Я – не родная? Слёзы наворачиваются на глаза. А где-то глубоко внутри одновременно вскипают страх и ярость. Да как они могли такое от меня скрывать? Восемнадцать лет вранья. Зачем?
И робкая надежда, что слова Васильевой – не правда.
Я встаю, пересекаю комнату, распахиваю дверь. Да как они после этого смогут посмотреть мне в глаза? Как оправдаются?
Но оправдываться никто не собирается. Родители даже не отводят взгляды. Они смотрят прямо на меня. Но в глазах их я не вижу ни раскаяния, ни ласки. Они оба смотрят на меня с ужасом! С ужасом, который я могу объяснить только одним – для них слова Светланы Аркадьевны стали таким же шоком, как и для меня. Они тоже не знали, что я – не родная!

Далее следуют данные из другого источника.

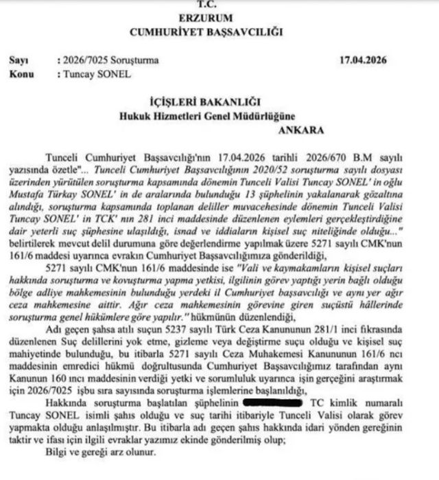 Tunceli Cumhuriyet Başsavcılığı, Gülistan Doku soruşturması kapsamında dönemin Tunceli Valisi Tuncay Sonel hakkında işlem yapılması için Erzurum Cumhuriyet Başsavcılığı’na yazı gönderdi. Yazıda, Sonel’in “delil gizleme ve yok etme” suçlarına ilişkin yeterli şüpheye ulaşıldığı belirtildi. Ayrıca, valilerin kişisel suçlarıyla ilgili soruşturma yetkisinin, görev yaptıkları ilin bağlı olduğu bölge adliye mahkemesi Cumhuriyet Başsavcılığına ait olduğu vurgulandı.
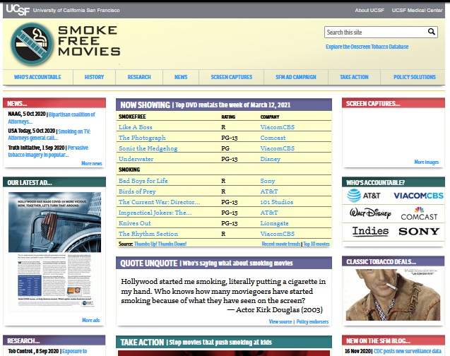 I ran the Smokefree Movies campaign from 2001 through my retirement from UCSF in 2020. This education/advocacy campaign put pressure on the motion picture industry to stop promoting tobacco to young audiences through specific policy changes. We advocated for these policies though paid advertising in the trade and general press and the Smokefree Movies website.Continue reading “Archival copies of Smokefree Movies and Smokefree Media websites are available”

Им меня подбросили! Я – кукушонок!
***
Я уже дома. Вернее, в той квартире, которую за восемнадцать лет привыкла считать своим домом. Из больницы меня выписали в ускоренном порядке – я всё время плакала и истерила. Васильева посчитала, что дома я быстрее успокоюсь.
Но она ошиблась. Здесь каждая вещь напоминает о детстве, которое на самом деле должно было бы быть не моим. Вот плюшевый мишка, которого мама подарила мне на первый – пятилетний – юбилей. А должна была бы подарить не мне, а совсем другой девочке. А вот модель парусника, которую мы с отцом склеили, когда я пошла в первый класс. Стал бы он что-то клеить со мной, если бы знал, что я – чужая?
– Ты не могла ошибиться? – мама цепляется за соломинку.
– Да какая ошибка? – вздыхает Светлана Аркадьевна. – Судя по группе крови, она никак не может быть вашей дочерью. Ты извини, Лариса, я не знаю, что сказать – первый раз сталкиваюсь с такой ситуацией.
– Но можно, наверно, сделать еще тест ДНК?
– Можно, – соглашается Васильева. – Только вряд ли это что-то изменит. Хотя вам все равно придется его сделать, когда вы будете искать свою дочь.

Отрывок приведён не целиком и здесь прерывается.